Bono once claimed that Lou Reed was the James Joyce of New York City.  While that might be a bit of hyperbole the former Velvet Underground leader is synonymous with New York City.

Breaking musical and social barriers, Reed showed the dark under belly of the city. Much like Joyce did with Dublin in Ulysses.  Theirs was the version of a city that not everyone got to see, or even cared to acknowledge.  But like it or not, they captured the spirit of their surroundings in descriptive detail.

Reed’s songs were with drugs and sexual deviants.  Sometimes the characters did both activities at the same time.  If the lyrics weren’t shocking enough for the late 60s, crowd there was the music.  The Velvets provided a mountain of noise and attack that has rarely been equaled.  By the time Reed went solo in the early 70s, the music was toned down slightly, perhaps in an attempt to invite a wider audience into the party.  “Take a walk on the wide side,” He encouraged the listeners. There will be things that will blow your mind, but craziness never sounded so fun.

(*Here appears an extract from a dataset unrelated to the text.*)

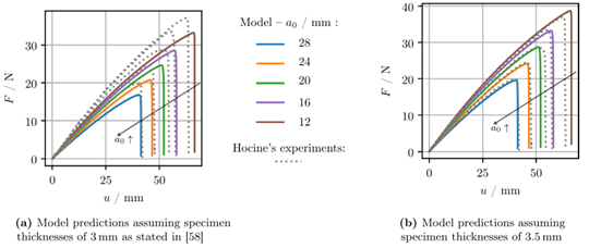(4)完成了典型橡胶断裂实验的验证与分析。利用所提出的混合模型,对双边缺口(DENT)和单边缺口(SENT)橡胶试样的断裂行为进行了模拟(图5)。结果显示,模型不仅能够重现裂纹路径的平直扩展特征,还能准确预测不同缺口长度下的力-位移响应。与 Hocine 等人的 SBR 橡胶实验数据对比(图6),在考虑了试样厚度误差修正后,模拟结果与实验高度吻合,验证了混合模型在处理复杂软材料断裂问题上的可靠性。

So it must have come as a shock to hear Reed take off his mask, and reflect with a rare sense of sincerity with 1976’s Coney Island Baby.

The song itself tells the story of Reed’s teenage years in Long Island.  The song sums up teenage confusion.  Which is the right path?  Is it Acceptance by peers or following one’s own path?  It’s clear which road Reed ultimately took, but “Coney Island Baby” makes it’s clear that, at least initially the choice wasn’t easy.

His admission of “wanting to play football for the coach” makes this clear.  For many, football is the ultimate form of acceptance in high school.  Not many things are more American than Football.  It’s a sport filled with acceptance, popularity, and brotherhood.   It’s a far cry from commands to “taste the whip”.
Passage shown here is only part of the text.